External port forwarding to an internal host

antken · 08-26-2003, 04:23 PM

hi,

tonight i have one success story and one question
a few moments ago i successfully forwarded a citrix ica connection over the internet to an internal server on my companies network (

), using a modified version of the line below:

iptables -t nat -A PREROUTING -p tcp --dport 80 -j DNAT --to-destination 10.0.0.2:8080

we have two of these citrix deeleys and i would like to enable external access for the other server too, however the port is already inuse on the first external ip, so i thaught i would use the second ip address, my question is this:

how would i get linux to reconise connections to ip address 111.222.333.444 to go to citrix server 1 and 444.333.222.111 to go to server 2?

would i just stick in an extra option to iptables i.e.:
iptables -t nat -A PREROUTING -s 444.333.222.111 -p tcp --dport 1494 -j DNAT --to-destination 10.0.0.202

would that work, and just keep replacing the -s option with other ips?

thanks
antken

tarballedtux · 08-26-2003, 09:29 PM

Well if the source is always the same for which contact the same citrix metaframe. The you can say if the source is xyz goto this server, but if its abc goto this one. Or if you want to be at whatver computer you want and be able to get to either of them then you can set up that one gateway inteface (ex. eth0) to respond to 2 IPs.
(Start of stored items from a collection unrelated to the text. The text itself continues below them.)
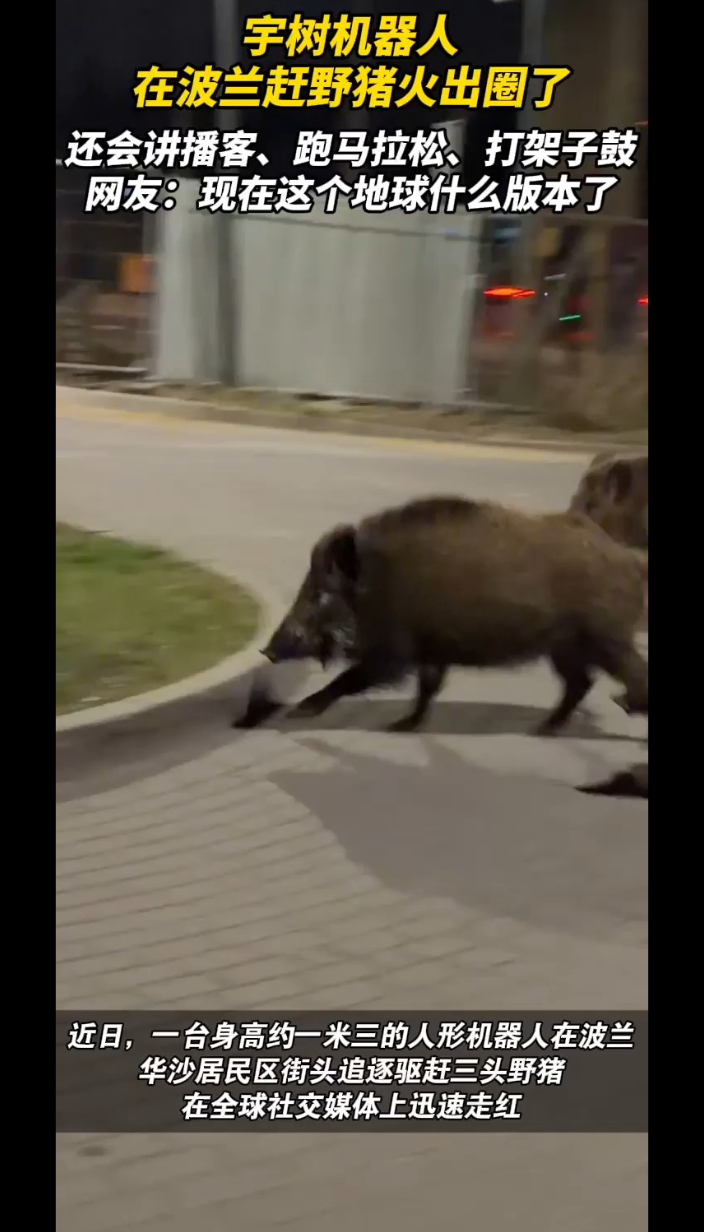 中国人形机器人“驱赶野猪”在波兰走红,网友:地球进化到什么版本了?上观新闻 07:34近日,一台身高约一米三的人形机器人在波兰华沙居民区街头驱赶野猪的视频在全球社交媒体上迅速走红。这台被波兰网友称作“爱德华”的机器人由中国杭州宇树科技研发生产,由波兰MERA公司引进,并安装了该公司的“MERA OS”机器人操作系统,如今成为波兰新晋“网红”。
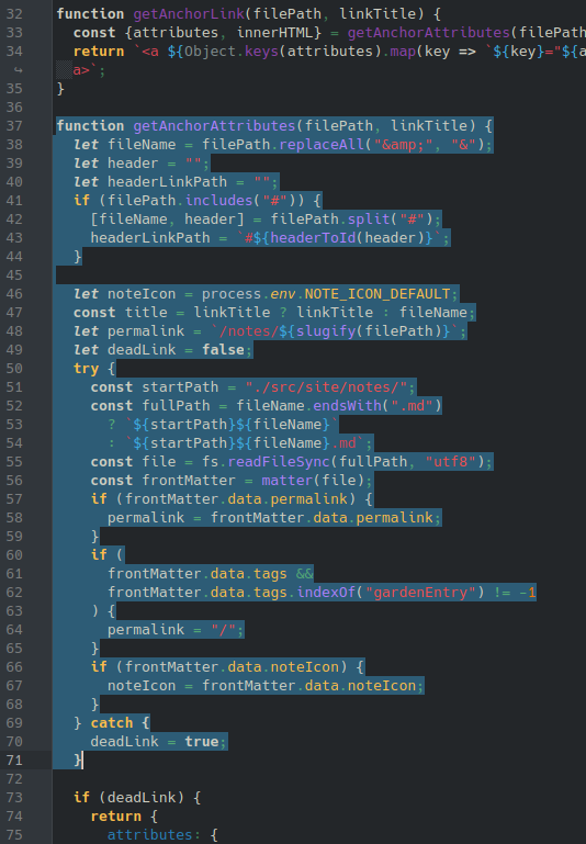 Replace the lines 37-71 in the eleventy.js (screenshotted above) at the root of your Digital Garden repo with the following code:
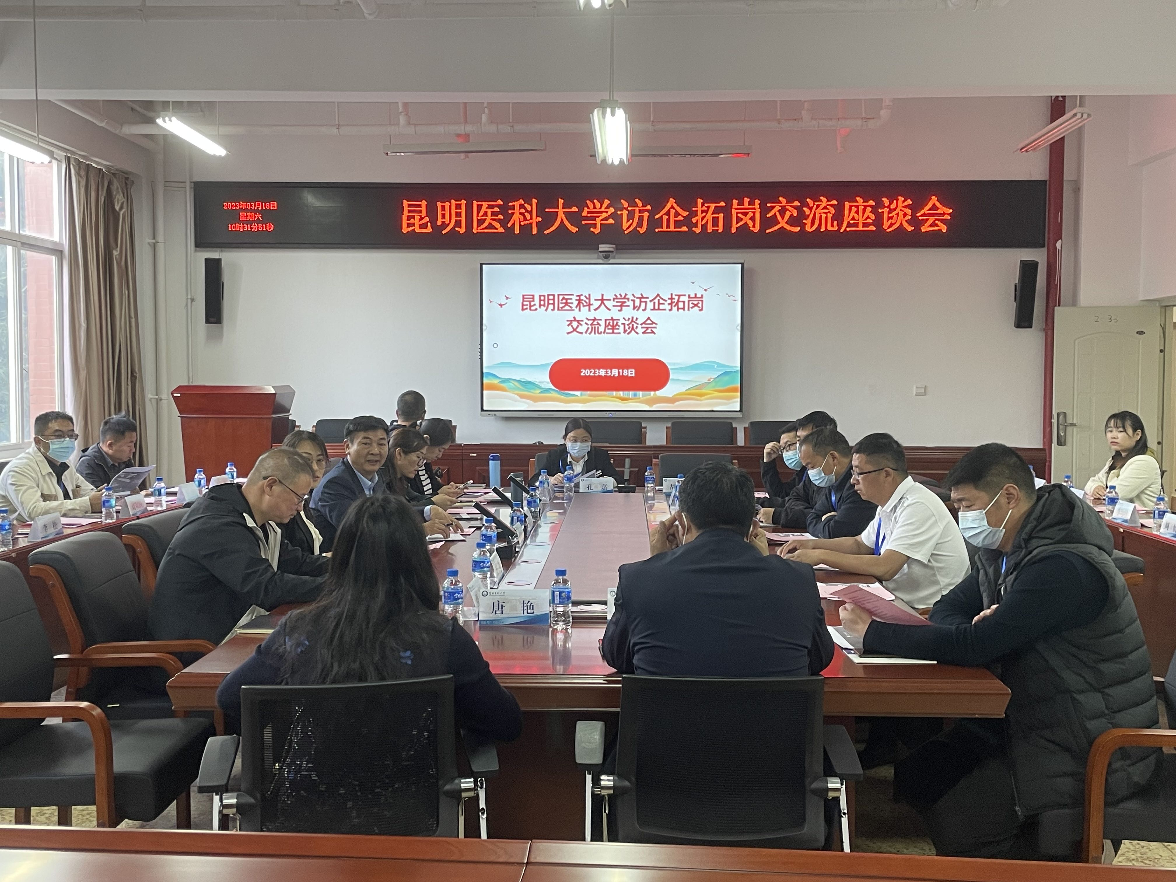 为进一步贯彻落实Beat365唯一官方网站2023年书记校长深入开展“访企拓岗促就业”行动,千方百计为2023届毕业生开拓更多就业创业岗位和机会,全力促进毕业生更加充分更高质量就业,正值云南省2023年医药类高校毕业生招聘会Beat365唯一官方网站专场在招聘频会,3月18日上午,Beat365唯一官方网站昭通地区医疗卫生单位访企拓岗座专题交流谈会在药学院204会议室召开。学校党委常委、党委宣传部邵维庆部长主持会议,昭通市卫健委刘雅芸副主任、昭通市人力资源和社会保障局禄勇副局长、党委宣传部胡艳丽副部长、人文与管理学院陈影副院长、就业专职辅导员张洋老师以及昭通市医疗卫生领域35家用人单位出席。
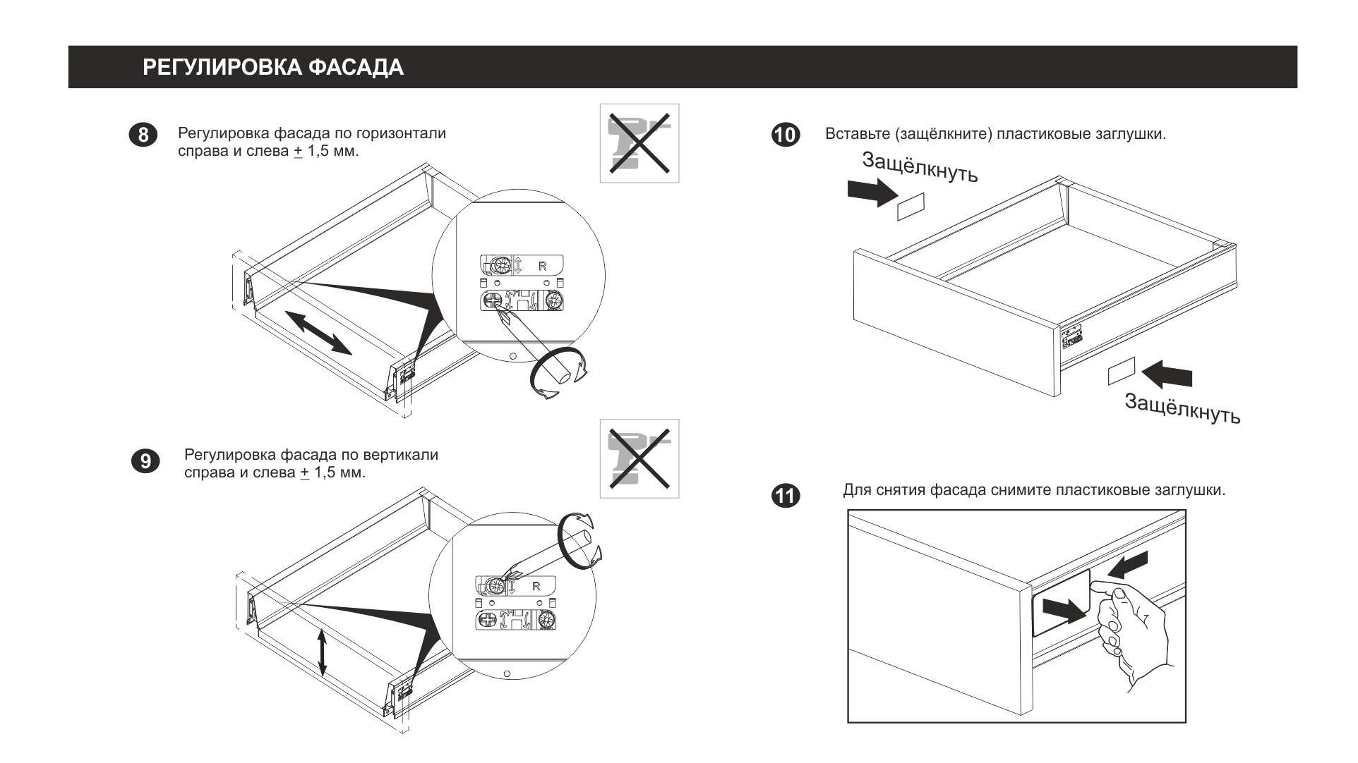 Конструкция СТАРТ PUSH SB28 имеет регулировочный красный винт — он позволяет выровнять фасады по глубине и компенсировать погрешности производства и монтажа. Специальные риски на направляющей помогут выставить одинаковое положение регулировки на обеих направляющих (левой и правой).
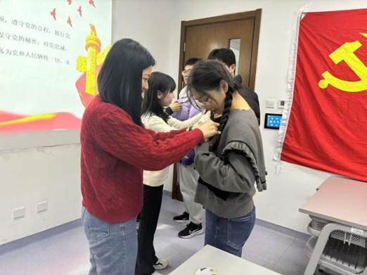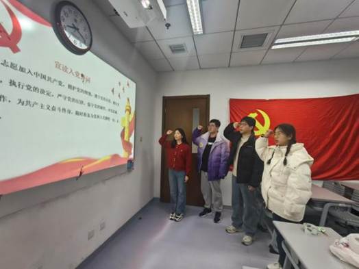 会议第二阶段为新发展三名预备党员的入党宣誓仪式。蔡雨颖同志宣读参加入党宣誓的预备党员名单,包括洪日、仇江宁、李成宇三位同志。入党介绍人蔡雨颖、冀源、沈涵月为三位预备党员佩戴了党徽。随后,全体预备党员在蔡雨颖同志的带领下紧握右拳,面对鲜艳的党旗庄严宣誓。三位预备党员纷纷表示,将以此次宣誓为契机,认真学习党的理论知识,不断提高自己的政治觉悟和政治能力,始终保持党员的先进性和纯洁性,发挥好党员的先锋模范作用。
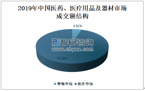2019年中国医药、医疗用品及器材批发市场成交额占总成交额的95.09%,占比非常大,是中国医药、医疗用品及器材市场成交额的主要来源;2019年中国医药、医疗用品及器材零售市场成交额占总成交额的4.91%,占比较小。
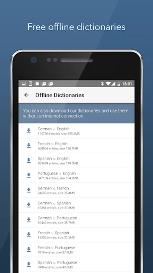 The editorial dictionaries can be downloaded for free and are subsequently available for use even when you're offline. This allows you, for example, to look up terms while you are abroad and have no data connection.
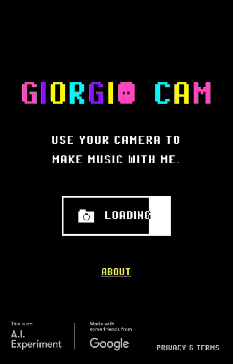 遊戲畫面是復古的像素風,點按「LET’s GO!」進入遊戲後,A.I.就會開始跟你說話,背景則會響起義大利搖滾、電子音樂作曲家Giorgio Moroder的音樂。這時候只要拍下照片,A.I.辨識出照片的物品之後,就會創作出兩段歌詞,以「說唱」的方式秀給你聽。
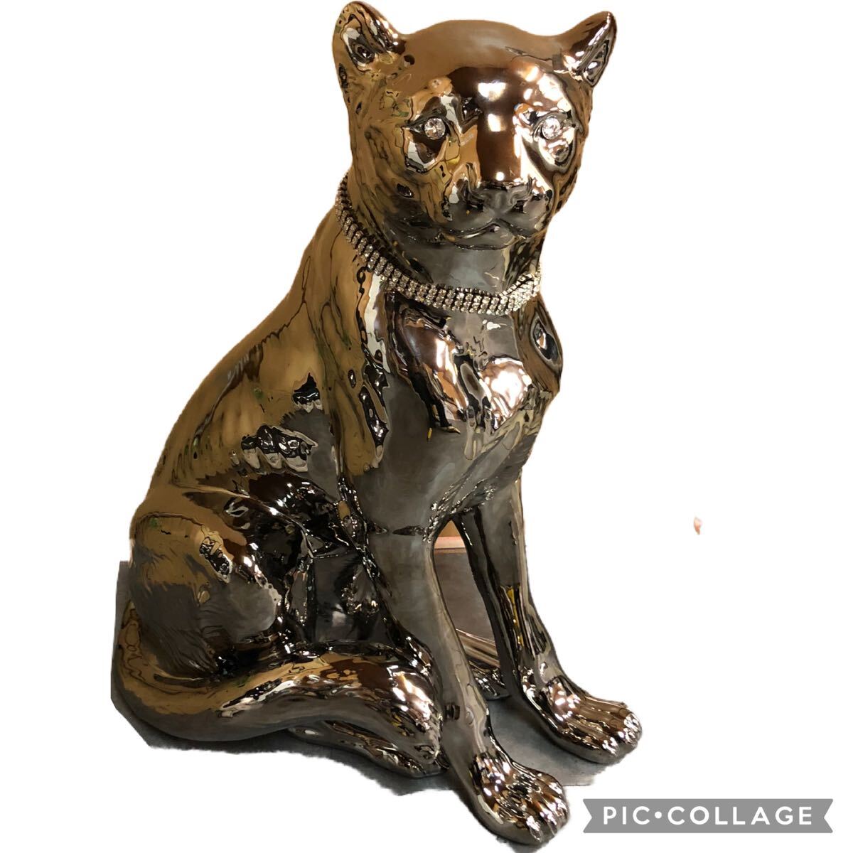 - &AHURA アフラ レオパード ヒョウ 豹 インテリア 置物 オブジェ 風水 縁起物 シルバー プラチナ イタリア製※一部剥がれ有 アンティーク
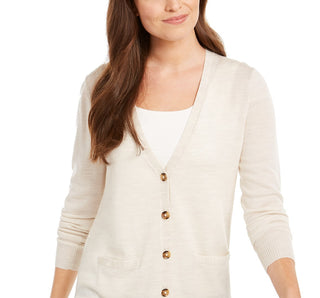 Charter Club Women's Merino Wool V-Neck Cardigan Beige Size Medium
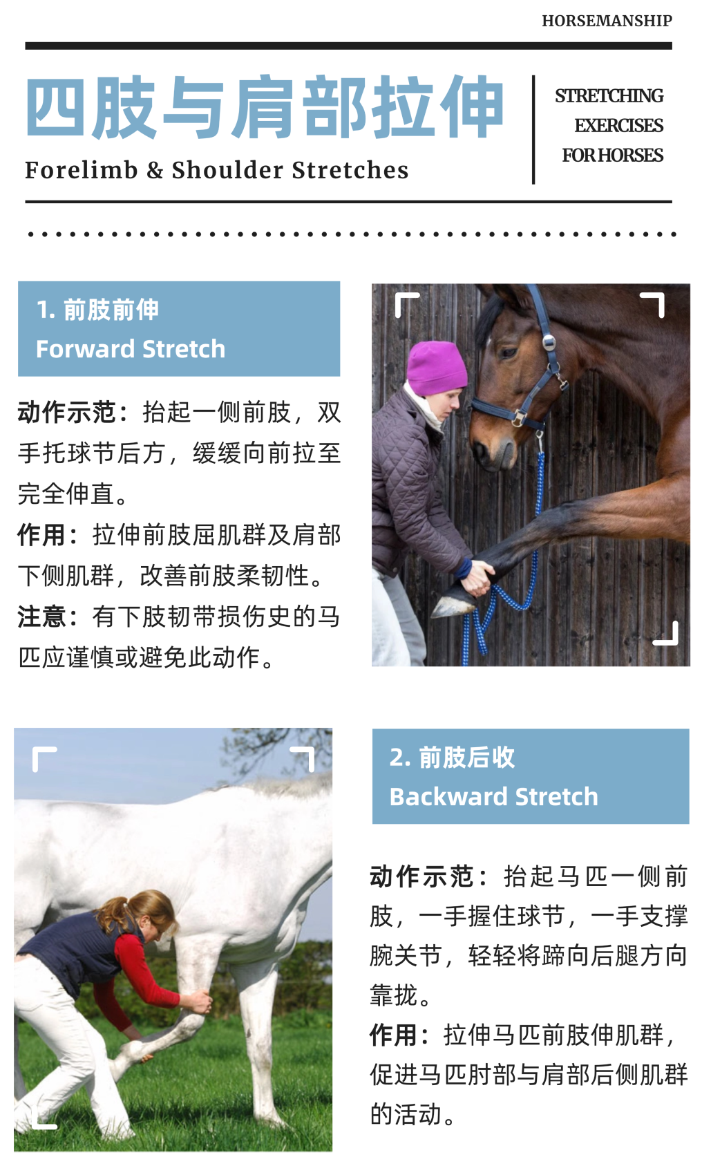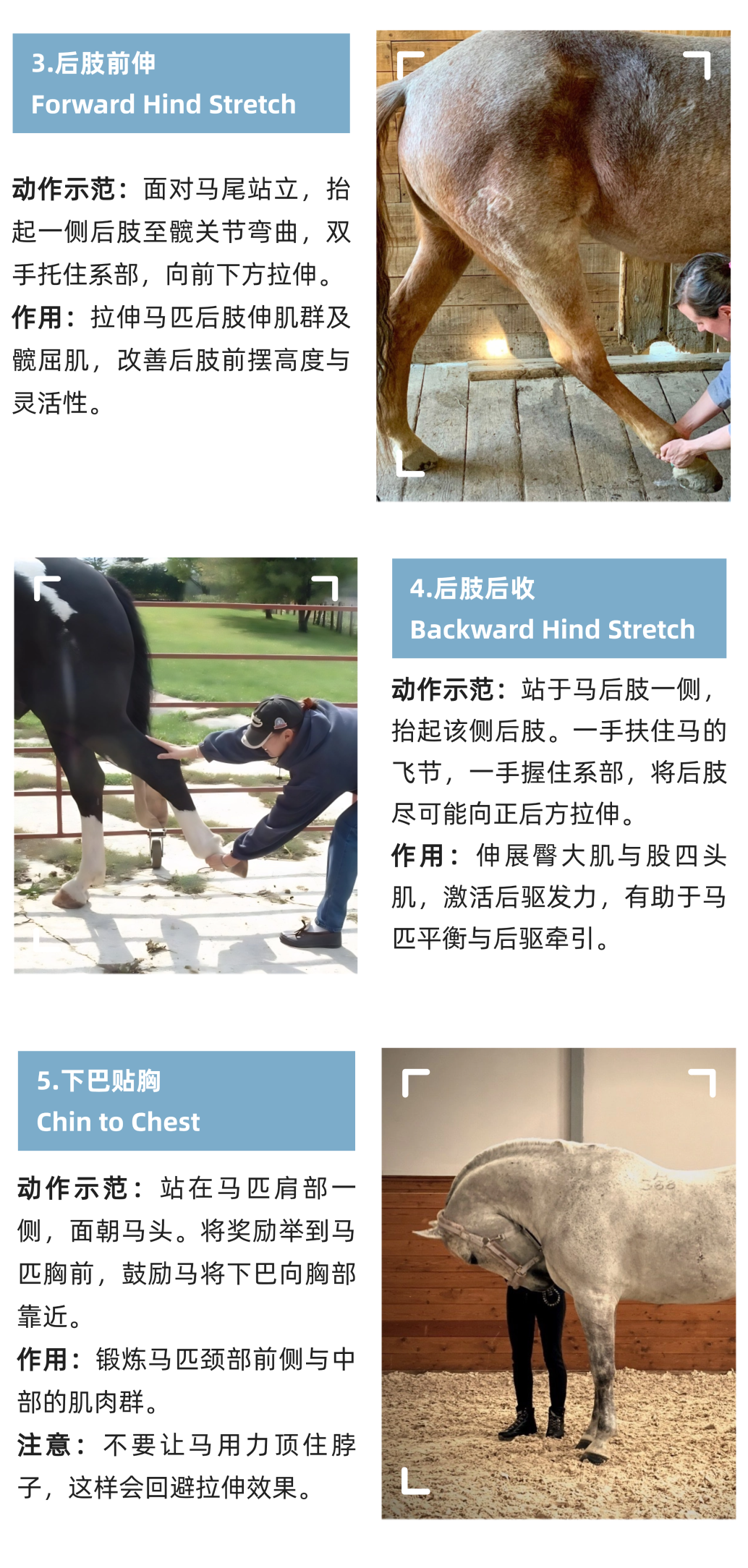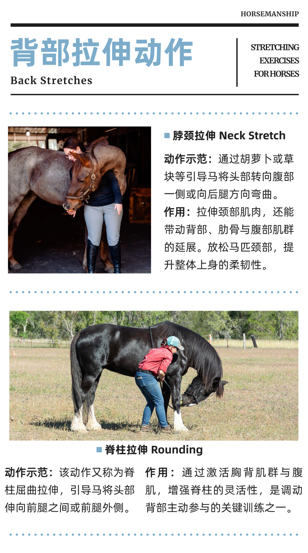 一匹表現(xiàn)出色的馬離不開科學(xué)的訓(xùn)練,而拉伸訓(xùn)練也是其中不可忽視的一環(huán)。無論是備戰(zhàn)比賽還是日常訓(xùn)練前后,系統(tǒng)的拉伸能幫助馬匹激活深層肌群,增強柔韌性與協(xié)調(diào)性,從而更好地完成各類動作指令。更重要的是,它有助于降低運動損傷的風(fēng)險,提高長期運動表現(xiàn)與健康水平。 本文將分享幾組適用于馬匹不同部位的基礎(chǔ)拉伸動作,幫助馬匹呈現(xiàn)更流暢、更舒適的運動表現(xiàn)。 把拉伸融入日常護(hù)理和訓(xùn)練中,不只是為了讓馬兒更柔軟靈活,更是為了他們能在騎乘中更輕松,也更舒服。規(guī)律的拉伸能幫助增強力量、減少受傷幾率。讓每一次訓(xùn)練都變成它們更健康的起點。 |

ipconfig eth0:0 <IP address1> netmask <netmask> up
ipconfig eth0:1 <IP address2> netmask <netmask> up

Then you can rules like this:

iptables -t nat -i eth0:0-A PREROUTING -p tcp --dport 80 -j DNAT --to-destination 10.0.0.1:8080
iptables -t nat -i eth0:1 -A PREROUTING -p tcp --dport 80 -j DNAT --to-destination 10.0.0.2:8080

So all you have to to do is point to either of the two IPs and you can access whichever server you want. Thats assuming you have 2 IPs availe which might be an issue if this a publicly accessible interface.

--tarballedtux

henkoegema · 12-17-2006, 08:01 AM

I just changed router from U.S.Robitics to Linksys WRT54G.
To excess my Linux server remotely (via PUTY) I forwarded external port 2222 to internal port 22 for LAN server 192.168.1.100 in the U.S.Robotics router.

There don't seem to be such a posibility(at least I can't find it) in the Linksys router.

Is there another way (Linux way ?) to forward external port 2222 to internal port 22 ??

Henk

amitsharma_26 · 12-17-2006, 09:43 AM

Quote:

Originally Posted by henkoegema

Is there another way (Linux way ?) to forward external port 2222 to internal port 22 ??

Henk you have yourself answered to this query in your first post with..

Code:

iptables -t nat -A PREROUTING -p tcp --dport 80 -j DNAT --to-destination 10.0.0.2:8080

(you only got to change the ports of --dport 2222 & --to-destination X.X.X.X:22)

& if in case this the linux local router box, then you can use the REDIRECT handle in PREROUTING chain for the respective functionality.